The way I am trying to frame all of this for our family now, is that Tea and her family is going to feel like extended family to us. Playing in the hotel pool together, eating a meal, laughing, and then suddenly we’ll have to leave. We’ll have all these sweet new memories to carry home, and a new world of understanding to the word “brother and sister”. What are your experiences on this topic? Share them with the OAR, or leave your thoughts here!


Update: Although I am leaving next week for a few days with the family to an island without internet (can you imagine!) limited electricity (generators) and no cars (the four lobstermen trucks excluded) it is my intention to unveil the next Race, Ethnicity and Place vignette before that. Of course the first family overnight camping trip this weekend two days before we go might throw an iron peg in that plan. Might. The boys opened their “bags of summer happiness” last night. Sam’s big score was the new L.L. Beans fishing pole (thank you Alex and Jim!) and Marcel’s score was the new glue stick, the magnifying glass, and this adventurer’s vest in baby blue (thank you again Alex and Jim!)  for carrying around little friends (firemen, Ninjas and the like), and new found treasures. He wore it to bed.
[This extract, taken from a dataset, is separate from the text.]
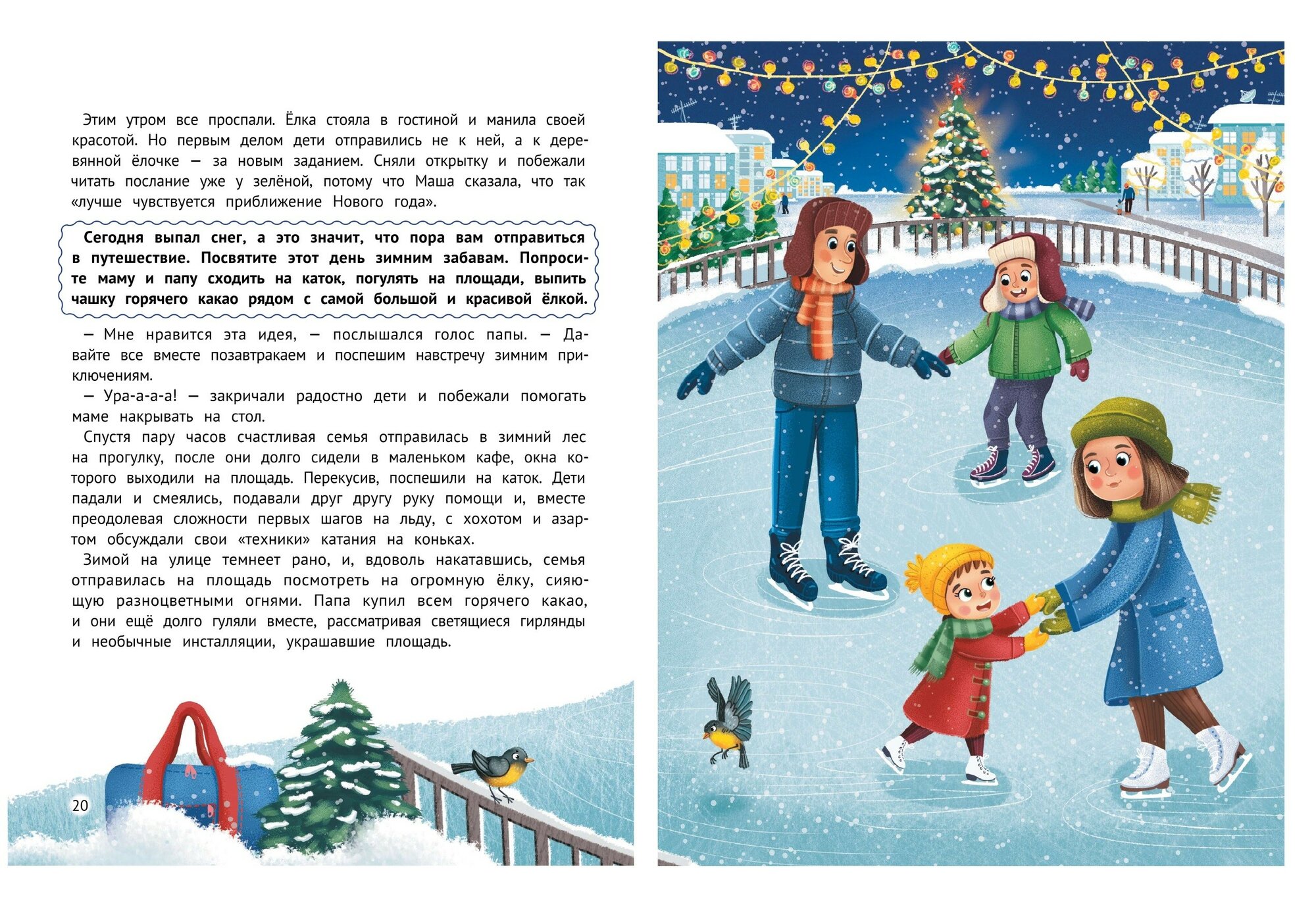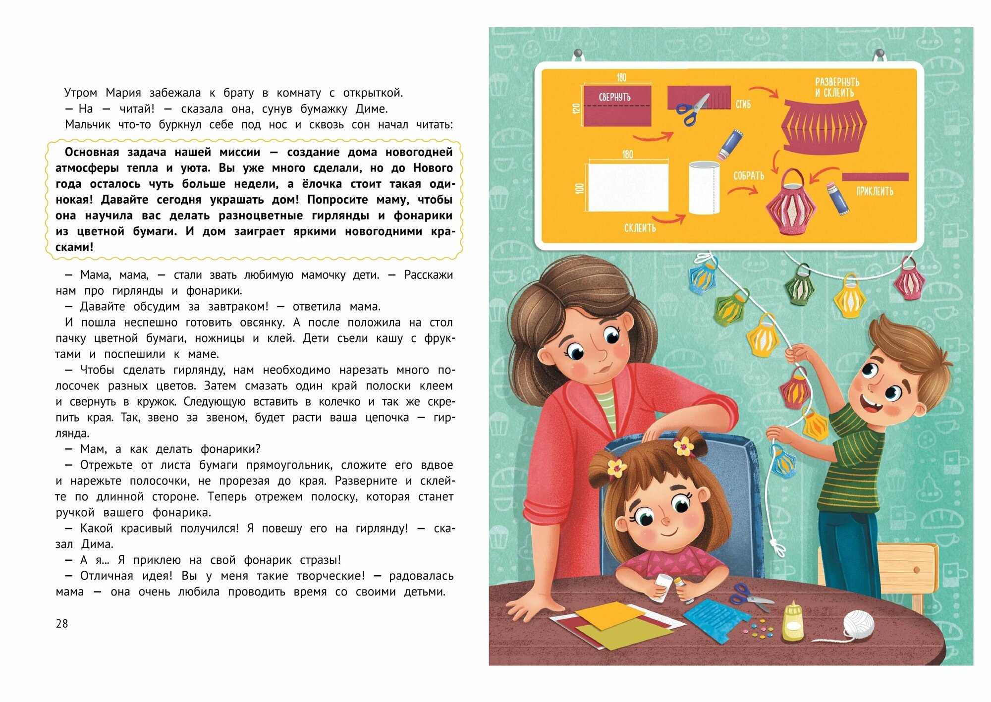 Каждый ребёнок с нетерпением ждёт Нового года, ведь это самый волшебный праздник в году. Чтобы ожидание праздника было интересным и запоминающимся, мы подготовили настоящую миссию для юных читателей. Вместе с Димой и Машей будем учиться лепить снеговика и ёлочку из пластилина, мастерить сверкающие открытки, вырезать гирлянды и фонарики для украшения комнаты, печь ароматное новогоднее печенье и многое-многое другое. С этой книгой ребёнок запомнит не только запах мандаринов и подарки под ёлкой, но и подготовку к празднику, которая будет наполнена весёлыми активностями, творчеством и счастливыми моментами, проведёнными вместе с семьёй.

Welcome to the two new subscribers to Mama C (bringing this week’s total new subscribers to nine!), and the two contributors to the West Coast fundraising campaign! I have reached 10% of my goal! Thank you!


  1. Oh goodness. I never even considered how Marcel might be affected by the notion of Sam having other siblings. I couldn’t help but find him too sweet for wanting his brother all to himself. I think that, maybe during the visit, once Marcel gets to see how nice the other siblings are, and how well received you’ll all be, maybe he’ll start to feel like Sam’s connection to them isn’t so bad. I think the notion of “extended family” is going to bridge that gap well. I’m excited for you all.